As a result, Churchill used every device and strategem known to the age-old ruling class of Britain to prevent the war from ending with Russian hegemony replacing German. He sought to block every “second front” move in Western Europe and push to the fore his pet alternative of the “soft under-belly” of Europe, specifically an invasion through the Balkans. All the wisdom of British statecraft proved unavailing in the end. The relationship of forces resolved it against British interests. But the two-year struggle of Churchill to save the British position in Europe makes an instructive chapter in the history of world power-politics.

It is not yet clear just what Litvinov was told at the White House. Reports have it that he received a blanket promise of a “second front” invasion of Europe in 1942 from Roosevelt, with Churchill making modifications and conditions. Thus began what the Russians have since referred to as the “January promise,” for Litvinov reported to Moscow that the stage was set for the 1942 invasion of Western Europe.

As the “second front” controversy developed, the roles between the three powers remained the same.
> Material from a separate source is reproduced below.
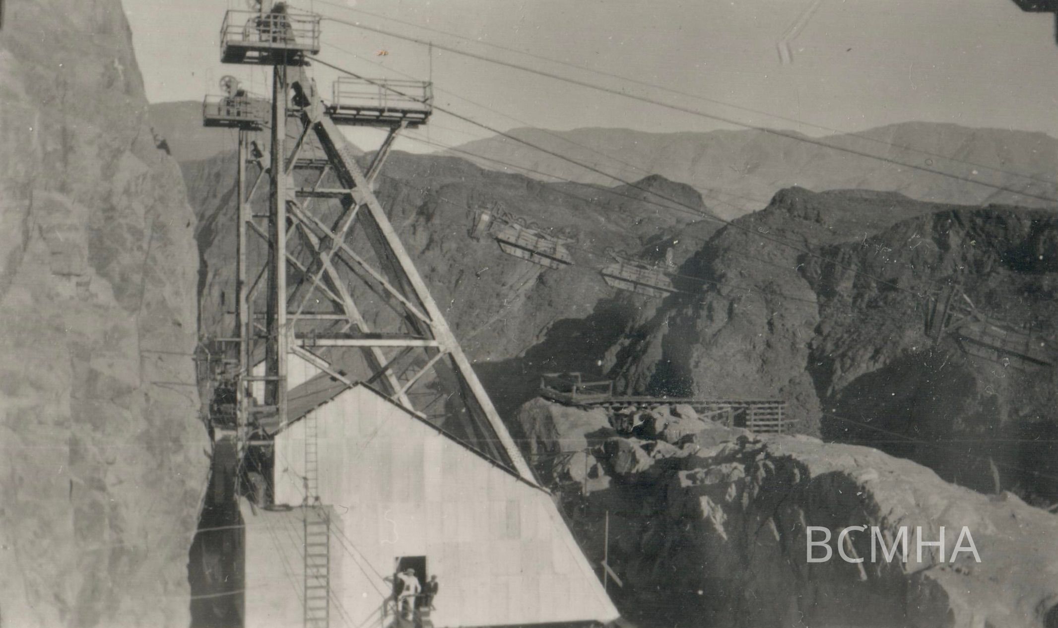 Hoover Dam construction: "High Scalers at work - Boulder Dam '32. High line cable."; UNLS - Wieking Collection 76-64-70 cnCollection
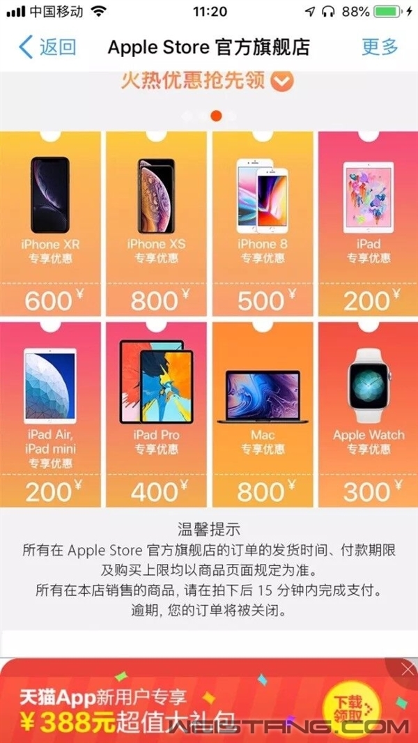苹果官方首次参加天猫618,苹果天猫官方旗舰店全线产品参与打折。 目前,在Apple Store官方旗舰店可领取800至200元不等的专享优惠券,覆盖iPhone Xs/XR/Max、iPad mini、iPad Air、Mac、Apple Watch等苹果热门产品,适用于6月16日至18日。 据了解,苹果官方参加天猫618尚属首次,此前在国内仅参加过天猫双11。本次苹果官方让利也仅限于Apple Store天猫官方旗舰店,苹果官网、Apple Retail Store门店均不参与。 |

Russia pressing hard, Britain resisting obstinately, and the United States supporting Russian views. A “Russian solution” at the expense of Britain’s role in Europe would weaken the British Empire all the more and confirm its role of vassal to American imperialism. With Russian hegemony threatening most of the Continent, Britain would have no choice but to cling to American protection, as France, in the face of the Hitler threat, had no choice but to cling to British protection.

This division of views on the “second front” became apparent during the spring of 1942. As the German armies began to push forward again in their great spring offensive in South Russia and the Russian position became critical, they pressed all the harder for the “second front.” Yet it was becoming obvious that no such move was in prospect on the part of the Anglo-Americans. The British general staff was resolute in its opposition.

Angry over what they considered the breach of the “January promise,” the Russians sent Molotov to Washington in May on a quick visit. Just what was discussed between Roosevelt and Stalin’s errand boy is not yet known. However, a public announcement at the conclusion of the conference stated: “In the course of these conversations full understanding was reached with regard to the urgent task of creating a second front in Europe in 1942.”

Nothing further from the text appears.